In addition to the example I linked, more recently on the 10th of September 2014, I achieved this again with confronting platitudes about my deceased abusive mother. Her voice seemed to come into my head from outside me, bypassing my ears, and echoing, “I sacrificed everything for you” “I’m not perfect” “I did the best that I knew how to do” and I wrote that down, as well as my direct responses to each of them, saying exactly why they were wrong. I seemed to get responses, so I continued this sort of conversation with whatever was generating a reply. It seemed to take form, too, at the edge of my thoughts, a dark and spiky-plated Western dragon in a cave with, I intuitively sensed, a tendency to hoard kidnapped maidens and turn them into her daughters. I named this dragon Rafflesia, to keep this floral and arboreal theme with naming my imaginary characters.

But returning to the actual notions being dealt with, when I hear the same from other people, I get similarly defensive. In what I call the blacksmything mindset, however, I could get to the heart of those harmful messages and dismantle them and dissipate them.

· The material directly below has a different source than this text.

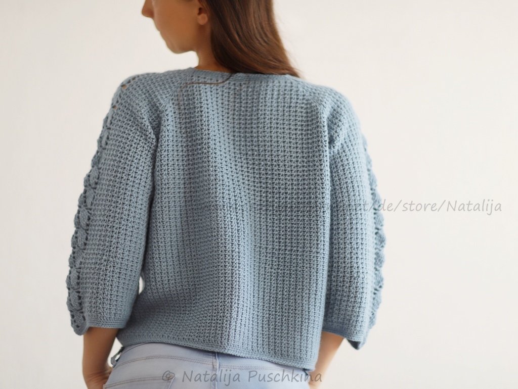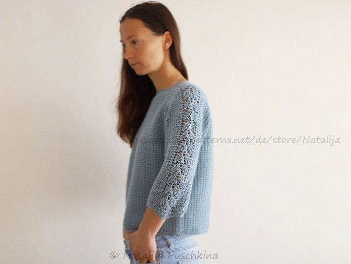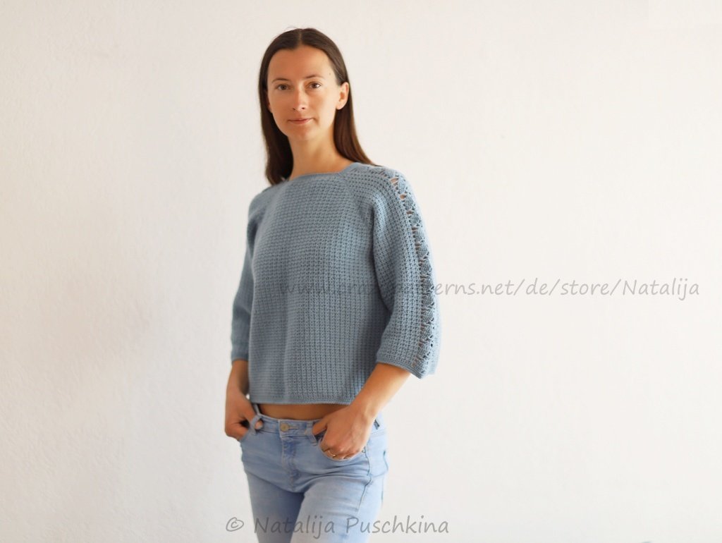 Verkauf der von Dir hergestellten Pullover ist möglich: Du darfst die Artikel, die Du mithilfe meiner Anleitung zum Häkeln von Pullover gefertigt hast, in beliebiger Stückzahl gewerblich verkaufen. Bitte den Hinweis: „Angefertigt nach dem E-Book von Natalija Puschkina https://www.crazypatterns.net/de/store/Natalija“ dazusetzen.

Other times, it’s more symbolic, such as witnessing the effect of the Shadow upon what I call the Fetch, or witnessing and interacting with a shadowy separate person (probably… I just don’t know about that last one, it’s just strange. Does it count as a Shadow of something like “my self-righteousness” when I have such a thorough conscious conviction that I’m right to have developed such an elementary thing as personal sovereignty?)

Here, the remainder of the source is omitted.